Personal information
- Full name: Thomas Swift
- Born: 6 July 1990 (age 36)
- Original team: Swanbourne JFC/Claremont Tigers
- Draft: 20th overall, 2008 National Draft (West Coast)
- Height: 189 cm (6 ft 2 in)
- Weight: 85 kg (187 lb)
- Position: Midfield

Playing career^{1}
- Years: Club / Games (Goals)
- 2009–2012: West Coast / 34 (8)
- ^{1} Playing statistics correct to the end of 2012.

Career highlights
- Western Australia Under-16 team 2006; AIS-AFL Academy 2007; Western Australia Under-18 team 2008; Claremont premiership side 2011 and 2012.;

= Tom Swift (footballer) =

Australian rules footballer

Thomas Swift (born 6 July 1990) is a former Australian rules footballer listed with the West Coast Eagles in the Australian Football League (AFL). Educated at Christ Church Grammar School, he originally played for the Claremont Football Club in the West Australian Football League (WAFL), and was recruited by West Coast with the 20th pick overall at the 2008 National Draft.

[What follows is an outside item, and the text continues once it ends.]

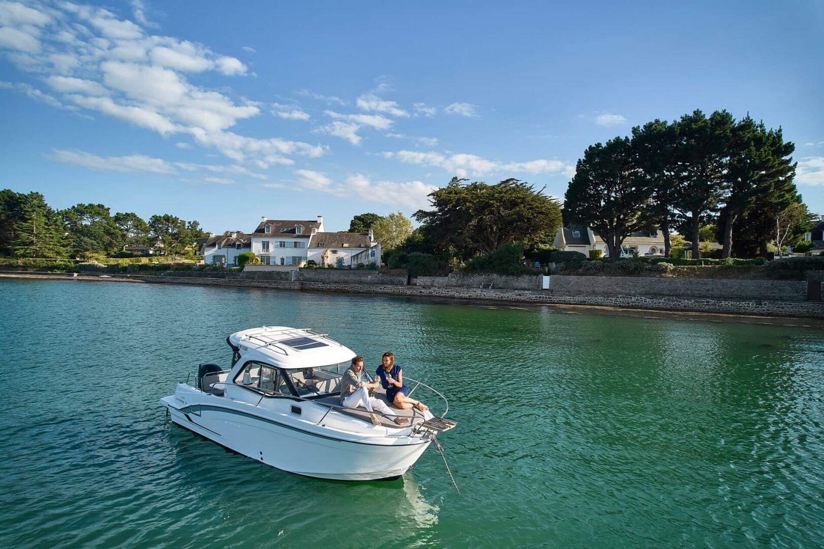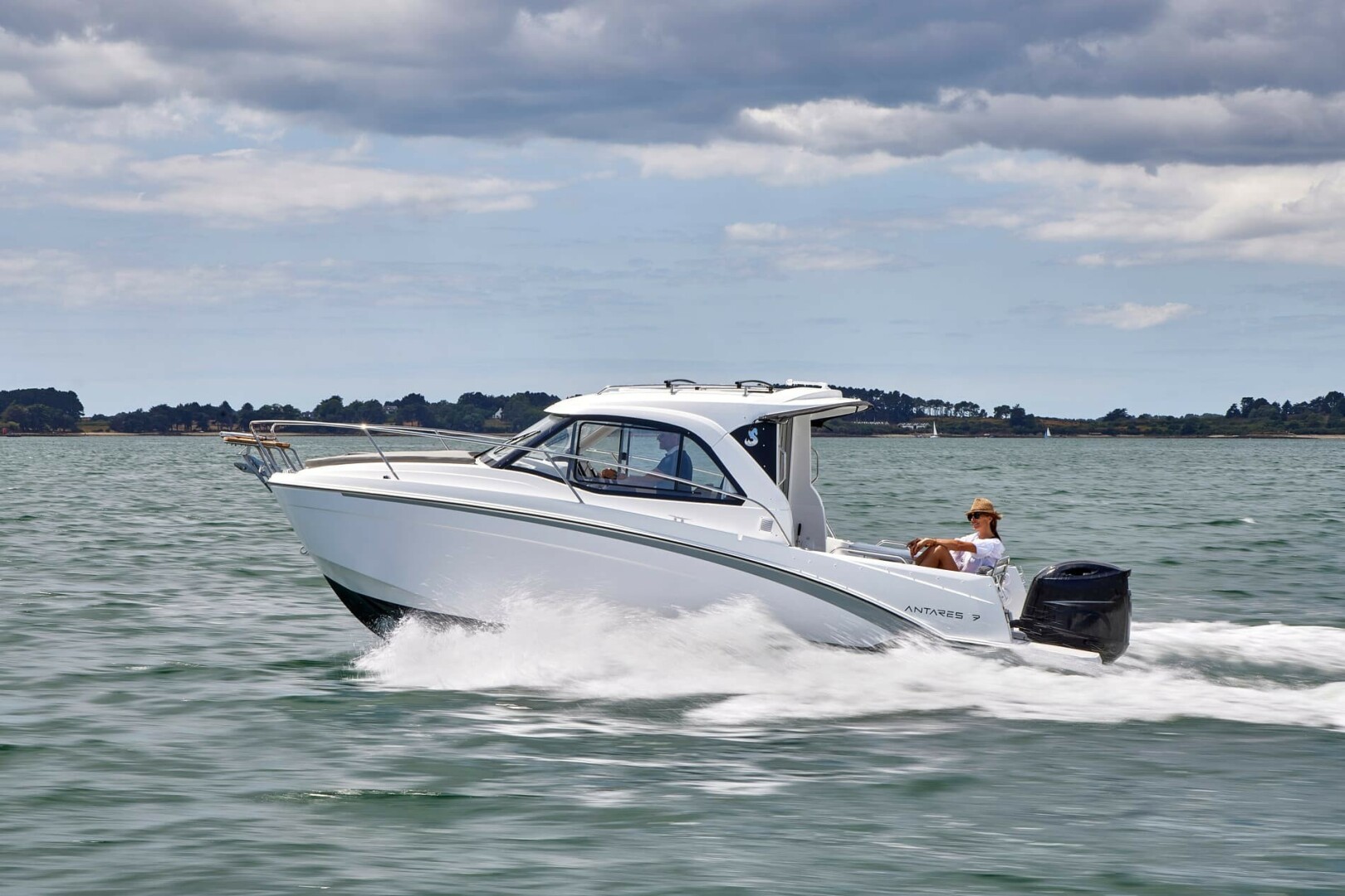 The modular bench seat creates an additional berth, so you can welcome 4 people on board the Antares 7 for an overnight trip. The small galley is equipped with sink, fridge, cooktop and storage. The forward cabin offers a double berth and a separate head compartment with toilet, storage and sink.

He made his debut for the club in the 2009 season.

Swift now works as an Investment Banker at Citi.

==Early life==
Swift attended Christ Church Grammar School between 1996 and 2007 where he was the captain of the 1st XXII in 2006 and finished in the top 40 for the Beazley Medal.

He was heralded as an elite young footballing talent at the 2006 NAB AFL Under 16 Championship where he played 3 games for Western Australia averaging 36.3 disposals per game, the highest of any player at any under-16 or under-18 carnival since 2001. He also averaged 8.7 marks, 5.0 inside 50s, 6.7 clearances and 5.3 tackles per game for the championships and earned a place in the 2006 AIS-AFL Academy intake.

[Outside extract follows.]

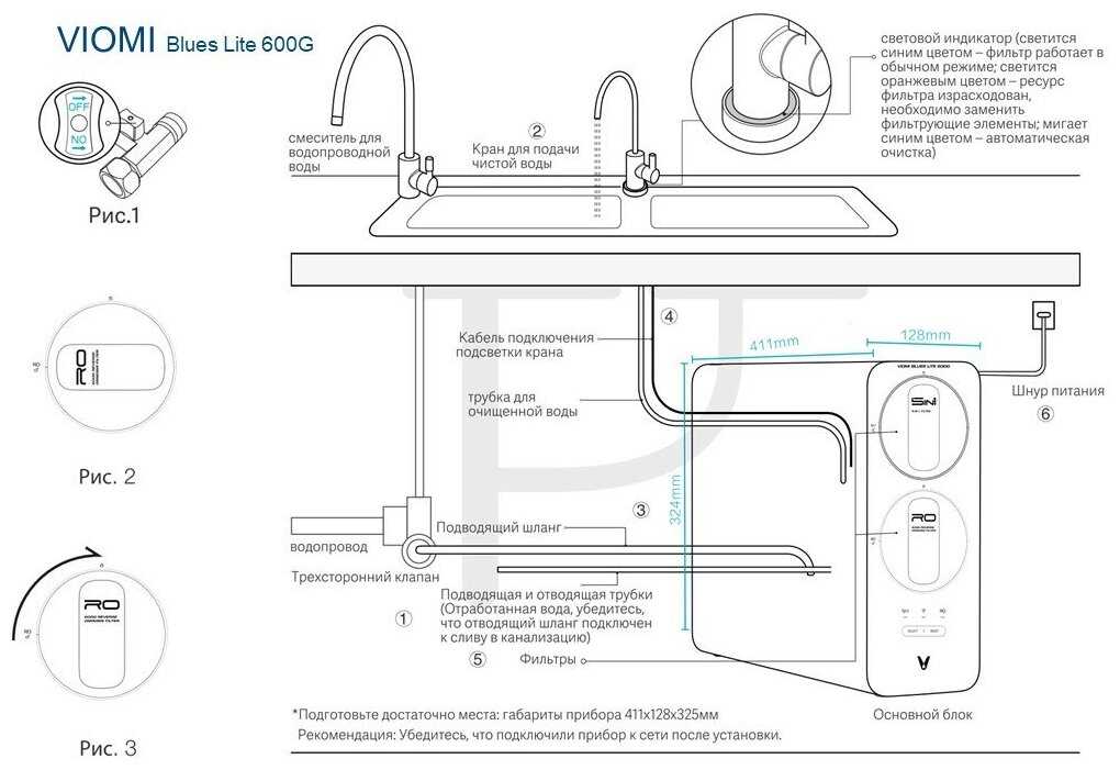 | Особенности : | календарь замены фильтрующего модуля, подключение к водопроводу, помпа для повышения давления |

In 2007, he ruptured his ACL during a 2007 AIS trial game vs Subiaco at Subiaco Oval, after a routine change of direction, which saw him miss the rest of the football season.

In 2008, he was selected in Western Australia's NAB AFL Under 18 Championships squad, but a grade 2 lateral ligament tear as a result of hyperextension, after landing poorly from a leap during one of Under 18 trial games caused him to miss both the Championship series and the rest of the season.

Despite his injury woes, he still received an invite to the 2008 AFL draft Camp and after a strong performance where he finished 3rd in the standing vertical leap (72 cm), 5th in the 20m sprint (2.89s) and equal 9th in the beep test (14.1), he was selected at pick 20 in the ensuing Draft by the West Coast Eagles.

==Football career==

===2009 season===
Swift performed well in the WAFL for Claremont in first half of 2009 and was named to make his debut for West Coast against Carlton in Round 10. He has since played ten games at AFL level and experienced his first win against Essendon in round 18, when he also kicked his first two goals. In the Eagles' round 22 win over Richmond at Subiaco Oval Swift received 3 Brownlow Medal votes for a best on ground performance, the first Brownlow votes of his career.

===2010 season===
Swift played the opening 3 games of the 2010 AFL season, before being omitted from the side. He returned to the side for the Western Derby in round 6 and played the next 5 games, before being a late omission from the round 12 game against Richmond. He returned to the team in round 14 against Collingwood, but missed the next week with abdominal soreness and he only managed a further 3 AFL games for the year from round 18–20 before being omitted and playing the rest of the season with Claremont in the WAFL.

===2011 season===
Swift started the season with Claremont Football Club in the WAFL and didn't get his first AFL opportunity till round 11 against Gold Coast. He was omitted for the next game, but returned in round 13 against Port Adelaide and played the next 2 games against Carlton and Geelong before being omitted again.

===2012 season===
Swift played six games, starting as a substitute in all but two games. He impressed as substitute on a few occasions but was unable to string together consecutive games in the starting 22. He completed his season winning a WAFL premiership with the Claremont Football Club. On Friday 5 October, Swift remarkably announced his retirement from AFL football at the age of 22 in order to study medicine at university. It was understood that he had been offered a one-year contract from the West Coast Eagles but declined, instead announcing his retirement to pursue his studies in medicine.

===2013 season===
Due to no appearances in the WAFL, and an article in the Sunday Times stating Swift's enjoyment for life at the University of Western Australia, it was presumed that Swift's football career was officially over. However, in the morning of 18 June, an article in the West Australian confirmed that Claremont had requested that Tom play in Claremont's first match of the Foxtel Cup as a result of their extensive injury list. Swift accepted and partook in a 58-point demolition of Southport. He had 17 disposals and kicked one goal. Swift gave no clear indication of whether or not he will continue playing in matches to come.